2. Inverse Document Frequency (IDF): This reduces the weight of terms that appear a lot across documents.

Now, we will work on creating the TF-IDF vectors for our tweets. The first line of code below imports the 'TfidfVectorizer' from sklearn.feature_extraction.text module. The second line initializes the TfidfVectorizer object, called 'tfidf', while the third line fits and transforms the variable 'processedtext' from the data.

The important arguments we have used in initiating the TfidfVectorizer object are the 'max_features' and the 'ngram_range'. While the 'max_features' argument specifies the maximum number of features to be created, the argument 'ngram_range=(1,1)' specifies that unigrams will be considered for feature creation.

The fourth line prints a summary of the object, which is a sparse matrix containing the number of observations (1181) and the number of features (500).

``````1from sklearn.feature_extraction.text import TfidfVectorizer
2
3tfidf = TfidfVectorizer(max_features=500, lowercase=True, analyzer='word', stop_words= 'english',ngram_range=(1,1))
4
5dat_tfIdf = tfidf.fit_transform(dat['processedtext'])
6dat_tfIdf``````
python

Output:

``````1 <1181x500 sparse matrix of type '<class 'numpy.float64'>'
2   with 6473 stored elements in Compressed Sparse Row format>``````

## Bag-of-words Vector

Another popular technique for creating word vectors is the Bag-of-words approach.

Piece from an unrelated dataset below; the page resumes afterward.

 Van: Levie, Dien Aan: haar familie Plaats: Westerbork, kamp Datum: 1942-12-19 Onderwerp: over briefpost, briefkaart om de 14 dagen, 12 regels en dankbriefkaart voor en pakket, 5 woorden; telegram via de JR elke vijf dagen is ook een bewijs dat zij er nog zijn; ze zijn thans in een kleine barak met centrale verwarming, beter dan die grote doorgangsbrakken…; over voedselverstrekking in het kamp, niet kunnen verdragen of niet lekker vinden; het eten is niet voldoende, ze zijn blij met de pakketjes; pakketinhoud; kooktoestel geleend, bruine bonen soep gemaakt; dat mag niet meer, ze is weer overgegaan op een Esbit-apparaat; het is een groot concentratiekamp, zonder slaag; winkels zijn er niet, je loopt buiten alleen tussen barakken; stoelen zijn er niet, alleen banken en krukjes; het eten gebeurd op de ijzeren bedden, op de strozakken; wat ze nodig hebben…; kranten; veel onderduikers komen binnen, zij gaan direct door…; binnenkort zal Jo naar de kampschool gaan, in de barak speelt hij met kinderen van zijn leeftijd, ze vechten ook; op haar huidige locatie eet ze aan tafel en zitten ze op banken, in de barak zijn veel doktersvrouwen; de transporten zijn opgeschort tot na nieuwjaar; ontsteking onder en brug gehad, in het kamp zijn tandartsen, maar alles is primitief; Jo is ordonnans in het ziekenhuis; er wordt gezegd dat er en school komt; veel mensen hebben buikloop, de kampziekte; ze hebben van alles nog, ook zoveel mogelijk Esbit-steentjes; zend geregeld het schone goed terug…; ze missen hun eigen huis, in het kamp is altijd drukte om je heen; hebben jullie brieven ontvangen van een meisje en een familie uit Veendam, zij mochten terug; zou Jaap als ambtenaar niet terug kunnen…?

It is a simplistic method for identifying topics in a document. It works on the assumption that the higher the frequency of the term, the higher its importance.

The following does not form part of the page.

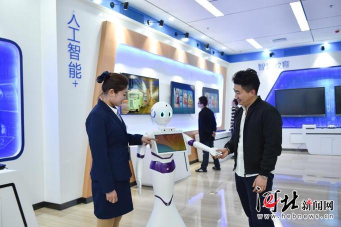 近日,位于中关村互联网文化创意产业园(廊坊园)的科大讯飞河北科技有限公司人工智能设备展厅,参观者(右一)正与人工智能机器人交流。产业园将通过智慧园区平台系统运营,以互联网、文化、科技、金融为主体,最终打造国家一流的互联网文化产业示范园区、国家级文化和科技融合示范基地。 记者 霍艳恩摄

The first line of code below imports the 'CountVectorizer' utility from the 'sklearn.feature_extraction.text' module. The second line initializes the CountVectorizer object, called 'bag_words', while the third line fits and transforms the variable 'processedtext' from the data. The fourth line prints a summary of the object, which is, again, a sparse matrix containing the number of observations (1181) and the number of features (500).

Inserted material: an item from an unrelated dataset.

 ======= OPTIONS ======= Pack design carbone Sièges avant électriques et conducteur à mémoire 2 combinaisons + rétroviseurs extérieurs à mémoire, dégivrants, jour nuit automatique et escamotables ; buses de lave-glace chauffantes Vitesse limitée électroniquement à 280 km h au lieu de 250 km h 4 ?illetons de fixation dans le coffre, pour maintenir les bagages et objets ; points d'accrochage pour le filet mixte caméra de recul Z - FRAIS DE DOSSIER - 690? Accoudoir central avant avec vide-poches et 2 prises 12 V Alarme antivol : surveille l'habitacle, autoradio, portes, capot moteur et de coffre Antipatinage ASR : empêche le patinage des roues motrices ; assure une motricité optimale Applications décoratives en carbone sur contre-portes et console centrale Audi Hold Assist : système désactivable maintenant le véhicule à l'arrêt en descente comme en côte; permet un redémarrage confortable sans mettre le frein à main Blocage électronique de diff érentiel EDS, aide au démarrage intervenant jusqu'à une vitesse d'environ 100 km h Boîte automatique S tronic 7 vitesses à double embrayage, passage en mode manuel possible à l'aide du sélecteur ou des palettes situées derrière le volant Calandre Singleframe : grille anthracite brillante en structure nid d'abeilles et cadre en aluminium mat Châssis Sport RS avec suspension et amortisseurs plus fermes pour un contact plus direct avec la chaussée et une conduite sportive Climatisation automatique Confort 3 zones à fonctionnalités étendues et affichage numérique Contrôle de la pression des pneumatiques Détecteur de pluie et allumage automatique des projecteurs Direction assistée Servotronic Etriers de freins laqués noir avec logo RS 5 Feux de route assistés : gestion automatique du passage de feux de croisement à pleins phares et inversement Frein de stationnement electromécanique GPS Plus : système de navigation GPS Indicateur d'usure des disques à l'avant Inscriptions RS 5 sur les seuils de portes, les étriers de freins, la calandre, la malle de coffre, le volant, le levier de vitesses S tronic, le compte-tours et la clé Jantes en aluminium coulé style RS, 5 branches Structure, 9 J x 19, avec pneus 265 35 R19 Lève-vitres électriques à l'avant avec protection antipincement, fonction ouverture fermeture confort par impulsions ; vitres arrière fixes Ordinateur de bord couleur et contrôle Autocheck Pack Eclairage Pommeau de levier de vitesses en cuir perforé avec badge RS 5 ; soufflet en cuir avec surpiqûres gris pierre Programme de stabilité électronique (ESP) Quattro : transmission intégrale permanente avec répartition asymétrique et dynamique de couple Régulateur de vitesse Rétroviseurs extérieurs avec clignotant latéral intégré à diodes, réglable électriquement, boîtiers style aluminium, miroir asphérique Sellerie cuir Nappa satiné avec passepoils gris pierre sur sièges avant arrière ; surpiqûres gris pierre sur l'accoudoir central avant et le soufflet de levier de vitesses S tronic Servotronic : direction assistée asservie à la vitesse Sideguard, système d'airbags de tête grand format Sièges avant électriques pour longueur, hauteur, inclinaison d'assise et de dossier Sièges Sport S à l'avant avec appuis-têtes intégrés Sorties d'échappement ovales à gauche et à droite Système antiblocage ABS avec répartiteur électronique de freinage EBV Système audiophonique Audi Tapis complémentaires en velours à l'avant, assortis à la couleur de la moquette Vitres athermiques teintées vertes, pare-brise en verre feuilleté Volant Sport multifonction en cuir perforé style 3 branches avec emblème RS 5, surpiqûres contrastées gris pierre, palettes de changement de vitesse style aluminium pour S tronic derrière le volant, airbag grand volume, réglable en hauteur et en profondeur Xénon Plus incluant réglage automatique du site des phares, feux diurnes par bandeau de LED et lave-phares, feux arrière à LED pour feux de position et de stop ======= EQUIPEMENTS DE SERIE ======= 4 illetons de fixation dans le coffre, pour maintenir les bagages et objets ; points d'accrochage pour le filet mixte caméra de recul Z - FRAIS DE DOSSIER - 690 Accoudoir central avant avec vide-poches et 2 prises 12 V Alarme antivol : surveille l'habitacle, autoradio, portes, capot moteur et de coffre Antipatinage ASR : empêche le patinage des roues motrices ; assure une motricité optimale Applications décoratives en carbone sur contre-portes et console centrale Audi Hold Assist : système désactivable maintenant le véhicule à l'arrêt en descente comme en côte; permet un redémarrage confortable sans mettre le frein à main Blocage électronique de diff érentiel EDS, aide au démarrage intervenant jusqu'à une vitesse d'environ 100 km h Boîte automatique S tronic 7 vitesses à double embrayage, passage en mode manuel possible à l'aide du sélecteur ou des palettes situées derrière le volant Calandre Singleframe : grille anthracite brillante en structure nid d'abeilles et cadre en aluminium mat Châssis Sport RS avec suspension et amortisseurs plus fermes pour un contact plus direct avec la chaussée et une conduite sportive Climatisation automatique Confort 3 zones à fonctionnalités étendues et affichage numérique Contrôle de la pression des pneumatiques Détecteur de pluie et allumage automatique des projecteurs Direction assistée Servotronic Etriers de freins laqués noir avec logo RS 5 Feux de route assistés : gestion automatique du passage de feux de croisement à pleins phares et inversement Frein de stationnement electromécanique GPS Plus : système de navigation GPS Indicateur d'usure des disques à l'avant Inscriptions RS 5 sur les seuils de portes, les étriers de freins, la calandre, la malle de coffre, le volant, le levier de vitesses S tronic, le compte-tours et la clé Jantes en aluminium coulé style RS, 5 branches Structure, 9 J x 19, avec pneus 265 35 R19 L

``````1from sklearn.feature_extraction.text import CountVectorizer
2bag_words = CountVectorizer(max_features=500, lowercase=True, ngram_range=(1,1),analyzer = "word")
3dat_BOW = bag_words.fit_transform(dat['processedtext'])
4dat_BOW``````
python

Output:

``````1 <1181x500 sparse matrix of type '<class 'numpy.int64'>'
2  with 7181 stored elements in Compressed Sparse Row format>``````

## Conclusion

In this guide, you have learned the fundamentals of building features from the raw and the processed text data. You can now use the basic as well as advanced features for building a machine learning algorithm that can predict the sentiment of a tweet.